The end discussion resolves around whether the power that comes with GraphQL outweighs the complexity.
I have now written apps with both libraries and I can agree with everything in Gajus' post, but found some different things most important in my own use of the frameworks.
Probably the biggest practical difference is that most of the examples and presumably work done up to this point on GraphQL has been concentrated on integrating GraphQL with Relay - Facebook's system for integrating ReactJS widgets with their data requirements. FalcorJS on the other hand tends to act separately from the widget system which means both that it may be easier to integrate into a non-React/Relay client and that it will do less for you automatically in terms of matching widget data dependencies with widgets.
The flip side of FalcorJS being flexible in client side integrations is that it can be very opinionated about how the server needs to act. FalcorJS actually does have a straight up "Call this Query over HTTP" capability - although Jafar Husain doesn't seem to talk about it very much - and once you include those, the way the client libraries react to server information is quite similar except that GraphQL/Relay adds a layer of configuration. In FalcorJS, if you are returning a value for movie, your return value better say 'movie', whereas in GraphQL, you can describe that even though the query returns 'film', you should put that in the client side datastore as 'movie'. - this is part of the power vs complexity tradeoff that Gajus mentioned.

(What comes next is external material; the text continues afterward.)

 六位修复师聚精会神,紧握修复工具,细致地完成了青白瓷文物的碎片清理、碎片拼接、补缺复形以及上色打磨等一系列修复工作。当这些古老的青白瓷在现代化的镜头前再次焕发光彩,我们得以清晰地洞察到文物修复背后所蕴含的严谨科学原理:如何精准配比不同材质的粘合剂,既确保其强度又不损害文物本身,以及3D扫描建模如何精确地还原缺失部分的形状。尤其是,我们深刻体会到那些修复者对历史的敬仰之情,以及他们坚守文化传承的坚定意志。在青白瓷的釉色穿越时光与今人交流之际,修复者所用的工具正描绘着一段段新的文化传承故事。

On a practical basis, GraphQL and Relay seems to be more developed. Jafar Husain has mentioned that the next version of the Netflix frontend will be running at least in part on FalcorJS whereas the Facebook team has mentioned that they've been using some version of the GraphQL/Relay stack in production for over 3 years.
The open source developer community around GraphQL and Relay seems to be thriving. There are a large number of well-attended supporting projects around GraphQL and Relay whereas I have personally found very few around FalcorJS. Also the base github repository for Relay (https://github.com/facebook/relay/pulse) is significantly more active than the github repository for FalcorJS (https://github.com/netflix/falcor/pulse). When I first pulled the Facebook repo, the examples were broken. I opened a github issue and it was fixed within hours. On the other hand, the github issue I opened on FalcorJS has had no official response in two weeks.

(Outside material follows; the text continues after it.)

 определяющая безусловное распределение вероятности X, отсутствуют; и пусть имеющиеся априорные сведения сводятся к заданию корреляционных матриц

Lee Byron one of the engineer behind GraphQL did an AMA on hashnode, here is his answer when asked this question:
Falcor returns Observables, GraphQL just values. For how Netflix wanted to use Falcor, this makes a lot of sense for them. They make multiple requests and present data as it's ready, but it also means that the client developer has to work with the Observables directly. GraphQL is a request/response model, and returns back JSON, which is trivially easy to then use. Relay adds back in some of the dynamicism that Falcor presents while maintaining only using plain values.
Type system. GraphQL is defined in terms of a type system, and that's allowed us to built lots of interesting tools like GraphiQL, code generators, error detection, etc. Falcor is much more dynamic, which is valuable in its own right but limits the ability to do this kind of thing.
Network usage. GraphQL was originally designed for operating Facebook's news feed on low end devices on even lower end networks, so it goes to great lengths to allow you to declare everything you need in a single network request in order to minimize latency. Falcor, on the other hand, often performs multiple round trips to collect additional data. This is really just a tradeoff between the simplicity of the system and the control of the network. For Netflix, they also deal with very low end devices (e.g. Roku stick) but the assumption is the network will be good enough to stream video.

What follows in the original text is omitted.